Na velha ciência alquímica, uma das mais ambicionadas quimeras era a descoberta da “pedra filosofal”, uma substância mágica capaz de transformar outros metais em ouro e que era tida, também, como o elixir da eterna juventude, capaz de dar ao seu detentor a imortalidade. Atualmente, a vida política contemporânea parece estar tomada dessa febre, dessa embriagante pulsão pela longevidade e a eterna juventude, expressa na permanente procura de mudança e, paradoxalmente, de perpetuação no poder. Mesmo os partidos ditos mais conservadores parecem acometidos dessa ânsia marxista dos “amanhãs que cantam” e das jovens promessas. Como se o passado fosse um incandescente inferno de calamidades do qual precisam, a todo o custo, de se distanciar.

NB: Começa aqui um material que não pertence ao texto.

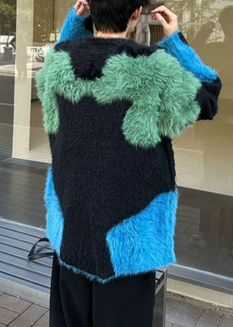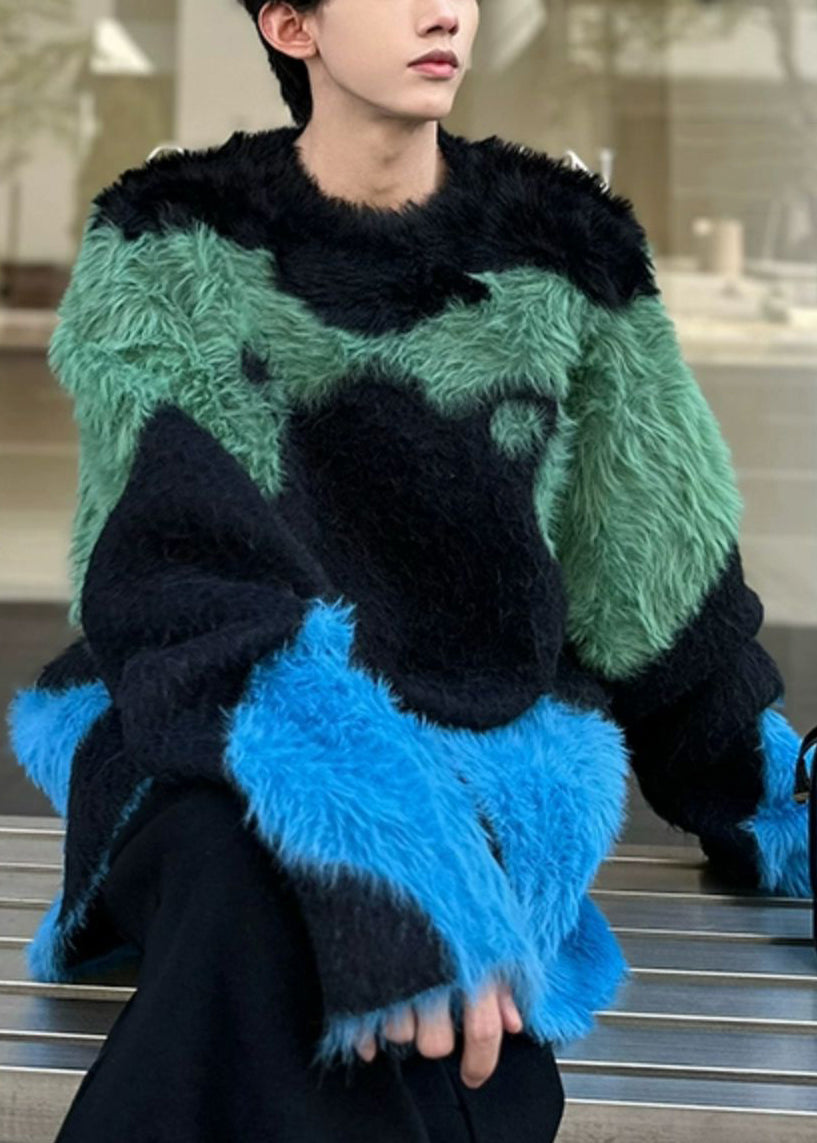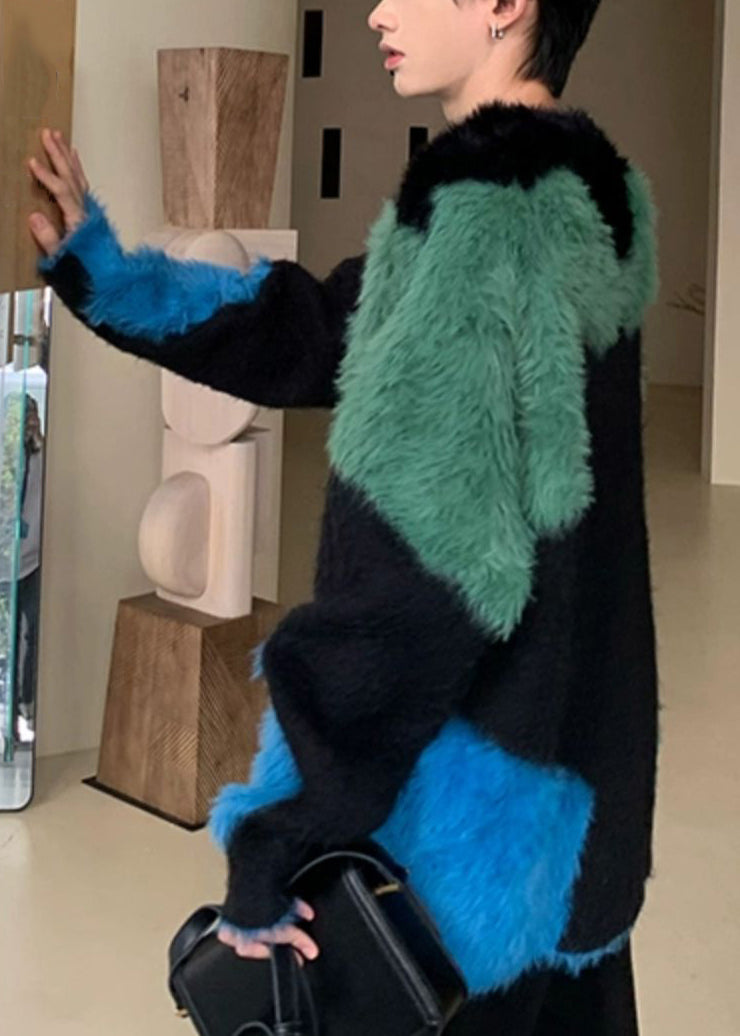 Unique Black Cozy Patchwork Mens Sweater Pullover Winter

Não me interpretem mal. Eu sou progressista e acredito no valor da mudança. O triste não é mudar de ideias; triste é não ter ideias para mudar, como dizia o Barão de Itáraré. Mas, é precisamente aqui, no campo das ideias, que este culto partidário da renovação permanente me inquieta. Exatamente porque não são as ideias que eles querem mudar, nem os métodos, nem mesmo alguns cancros metastisados que pululam pelos vasos sanguíneos partidários como cadáveres ambulantes, na forma de longas e inexpugnáveis carreiras políticas. O foco único da mudança autofágica dos partidos são os nomes, as caras e, aqui e ali, um ou outro currículo útil.  O foco da atividade partidária não está nas políticas e nas soluções e na reconquista da confiança política dos cidadãos, mas na saltitante e permanente dança de cadeiras dos seus protagonistas, sejam eles novos-velhos ou falsos novos.

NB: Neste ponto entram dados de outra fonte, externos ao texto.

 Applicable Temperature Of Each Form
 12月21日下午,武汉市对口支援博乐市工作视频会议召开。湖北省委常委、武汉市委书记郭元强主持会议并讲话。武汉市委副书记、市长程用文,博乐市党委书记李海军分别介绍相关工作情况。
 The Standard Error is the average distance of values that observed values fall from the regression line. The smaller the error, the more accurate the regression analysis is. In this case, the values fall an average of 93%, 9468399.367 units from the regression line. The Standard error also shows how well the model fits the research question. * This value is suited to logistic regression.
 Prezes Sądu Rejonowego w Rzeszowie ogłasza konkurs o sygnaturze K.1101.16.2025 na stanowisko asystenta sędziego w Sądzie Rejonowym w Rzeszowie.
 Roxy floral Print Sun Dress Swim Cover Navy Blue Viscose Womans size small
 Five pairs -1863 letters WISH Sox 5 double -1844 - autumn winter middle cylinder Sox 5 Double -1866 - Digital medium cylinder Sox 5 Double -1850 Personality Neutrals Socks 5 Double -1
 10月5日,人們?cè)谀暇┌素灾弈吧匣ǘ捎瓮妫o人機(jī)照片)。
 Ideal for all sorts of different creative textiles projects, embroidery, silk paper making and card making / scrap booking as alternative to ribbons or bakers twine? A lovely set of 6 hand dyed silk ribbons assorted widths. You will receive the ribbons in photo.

O que a política partidária, elemento fundamental da democracia, precisa urgentemente não é de caras novas, mas de novas soluções e outras e melhores formas de exercer a própria política. Novos métodos e novas estratégias para, dito de uma forma muito simples, resolver os problemas dos cidadãos. De que é que serve renovar em 80% um órgão dirigente se os discursos, as práticas e as ideias são as mesmas de sempre? Se as palavras são as de antigamente, se até o tom e a forma é o mesmo que o antepassado, mimeticamente estudado ao espelho do quarto de banho de hotel, para que servem essas fictícias renovação e juventude?  Destruíram o SNS. A escola pública está um caos. As finanças regionais no precipício de uma bancarrota. Mas são jovens e são novos. O que se percebe deste excitado agitar de rostos e de falsa juventude, ou mesmo desse renovar de listas inteiras de nomes de dirigentes, é que o que estes partidos verdadeiramente procuram é essa mítica “pedra filosofal” que lhes conceda não a mocidade mas a eternidade no poder. Como tristes e cansados Nicolas Flamel, descendentes de uma prática política velha e gasta que, afinal, já pouco ou nada tem para nos oferecer.